**Material provided:**
────────────────────

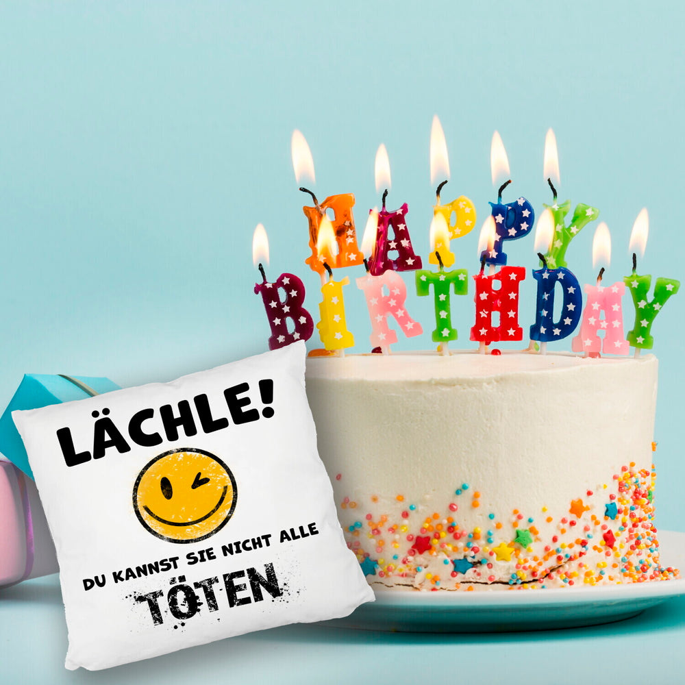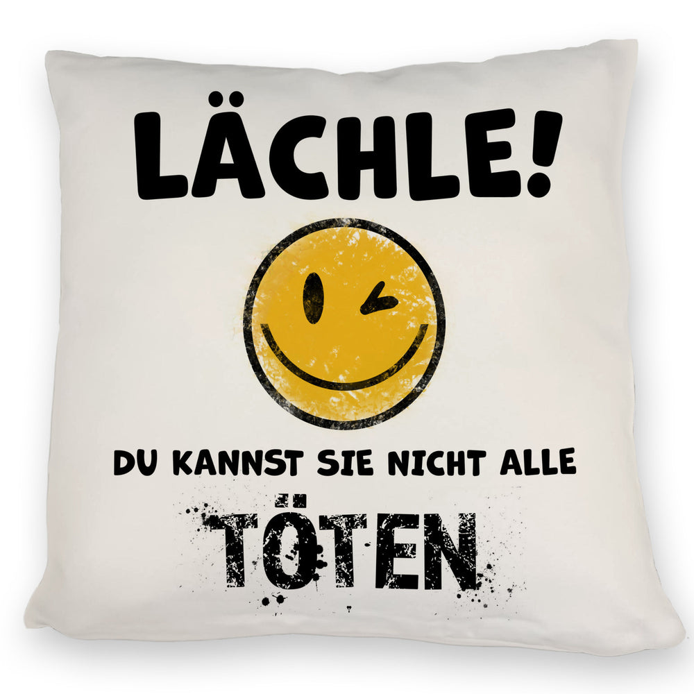 - Das witzige Kissen mit Emoticon Motiv und dem Spruch "Lächele, du kannst sie nicht alle töten" ist die ideale Geschenkidee für junge Männer oder älter Männer zum Geburtstag. Dieses Dekokissen in Form eines lachenden Gesichts erregt entsprechendes Interesse.
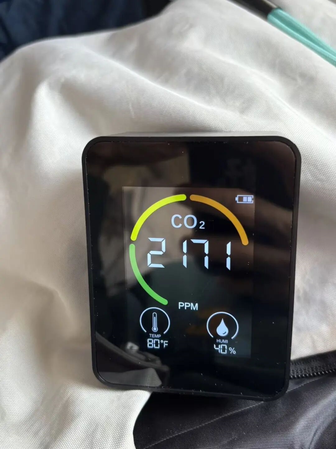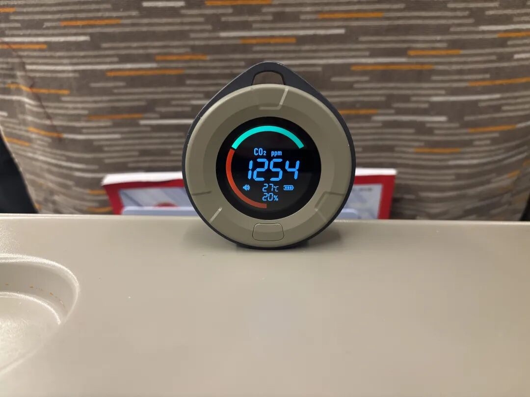 因为飞机的舱体相较高铁更拥挤、逼仄,咱们一上飞机二氧化碳浓度就遥遥领先来到了1200ppm。
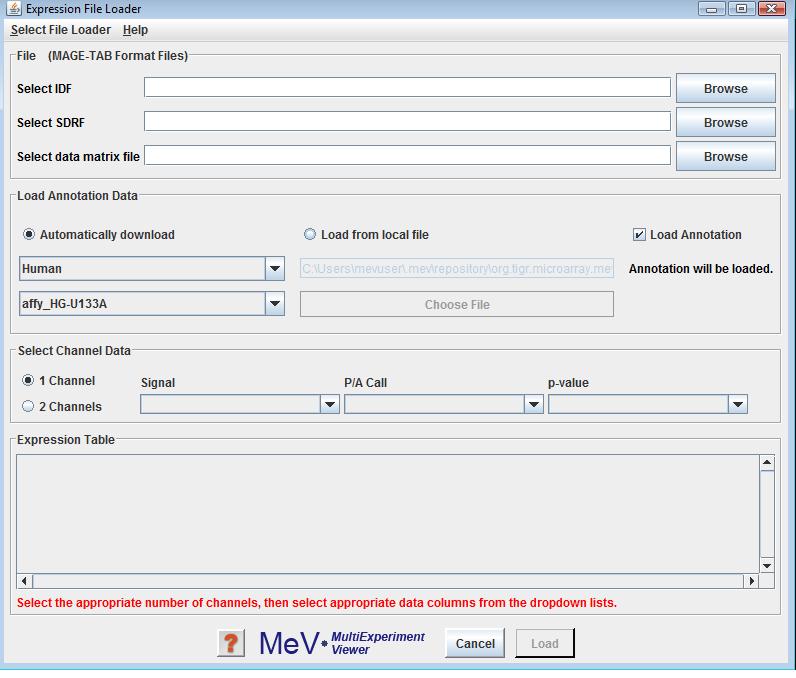 The 1 channel / 2 channel radio buttons indicate whether the data is derived from 1- or 2- channel hybridizations. Depending upon which radio button is selected, MeV will display either Signal, Detection and p-Value combo boxes, or Intensity1, Intensity2 and Log Ratio/Ratio combo boxes. The Log Ratio/Ratio combobox may be used for either Log(ratio) or ratio data. Each drop-down list includes all of the data type items from the second row of the MAGE-TAB data matrix file plus one additional entry, “none”, to allow the user to select no value for the combobox. The user must know and understand the data well enough to make appropriate selections for these lists. The data section merely displays the data from the selected data matrix file. No interaction with this section is necessary. The ‘Load’ button is inactive until the user provides a data matrix file. The Load button will then be activated.
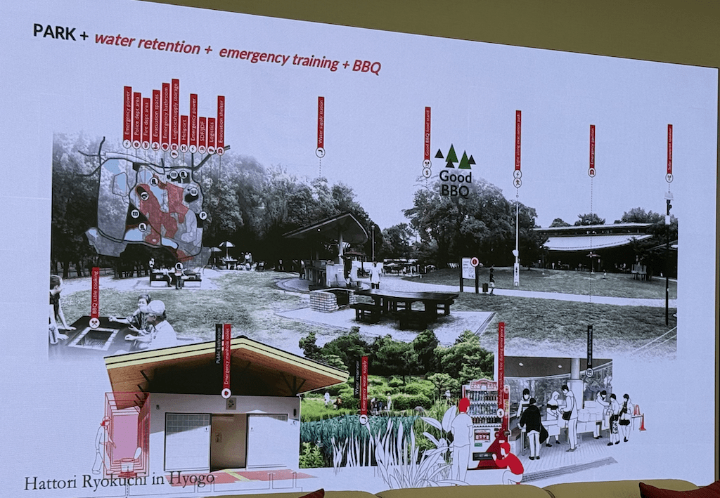 ความใส่ใจในรายละเอียดยังแทรกซึมไปถึง เฟอร์นิเจอร์เมือง (Urban Furniture) สิ่งที่เราเห็นเป็นม้านั่งในสวนธรรมดาที่ผู้สูงอายุนั่งพักผ่อน แท้จริงแล้วถูกออกแบบให้มีฟังก์ชันซ่อนเร้น เมื่อเกิดภัยพิบัติและก๊าซหุงต้มถูกตัดขาด เราสามารถพลิกที่นั่งออก ฐานด้านล่างจะกลายเป็นเตาหุงต้ม (Kamado bench) สำหรับประกอบอาหารแจกจ่ายผู้ประสบภัยได้ทันที หรือแม้แต่สวนหย่อมเล็ก ๆ (Pocket Parks) ในชุมชน ก็ถูกออกแบบให้มีท่อระบายน้ำที่พร้อมสำหรับการติดตั้งกระโจมสุขาชั่วคราว (Manhole toilets) เพื่อสุขอนามัยในยามวิกฤต

────────────────────

**Task instructions:**
I would like the data copied exactly as it stands, with no pictures included.

**Exercise output:**
 - Das witzige Kissen mit Emoticon Motiv und dem Spruch "Lächele, du kannst sie nicht alle töten" ist die ideale Geschenkidee für junge Männer oder älter Männer zum Geburtstag. Dieses Dekokissen in Form eines lachenden Gesichts erregt entsprechendes Interesse.
 因为飞机的舱体相较高铁更拥挤、逼仄,咱们一上飞机二氧化碳浓度就遥遥领先来到了1200ppm。
 The 1 channel / 2 channel radio buttons indicate whether the data is derived from 1- or 2- channel hybridizations. Depending upon which radio button is selected, MeV will display either Signal, Detection and p-Value combo boxes, or Intensity1, Intensity2 and Log Ratio/Ratio combo boxes. The Log Ratio/Ratio combobox may be used for either Log(ratio) or ratio data. Each drop-down list includes all of the data type items from the second row of the MAGE-TAB data matrix file plus one additional entry, “none”, to allow the user to select no value for the combobox. The user must know and understand the data well enough to make appropriate selections for these lists. The data section merely displays the data from the selected data matrix file. No interaction with this section is necessary. The ‘Load’ button is inactive until the user provides a data matrix file. The Load button will then be activated.
 ความใส่ใจในรายละเอียดยังแทรกซึมไปถึง เฟอร์นิเจอร์เมือง (Urban Furniture) สิ่งที่เราเห็นเป็นม้านั่งในสวนธรรมดาที่ผู้สูงอายุนั่งพักผ่อน แท้จริงแล้วถูกออกแบบให้มีฟังก์ชันซ่อนเร้น เมื่อเกิดภัยพิบัติและก๊าซหุงต้มถูกตัดขาด เราสามารถพลิกที่นั่งออก ฐานด้านล่างจะกลายเป็นเตาหุงต้ม (Kamado bench) สำหรับประกอบอาหารแจกจ่ายผู้ประสบภัยได้ทันที หรือแม้แต่สวนหย่อมเล็ก ๆ (Pocket Parks) ในชุมชน ก็ถูกออกแบบให้มีท่อระบายน้ำที่พร้อมสำหรับการติดตั้งกระโจมสุขาชั่วคราว (Manhole toilets) เพื่อสุขอนามัยในยามวิกฤต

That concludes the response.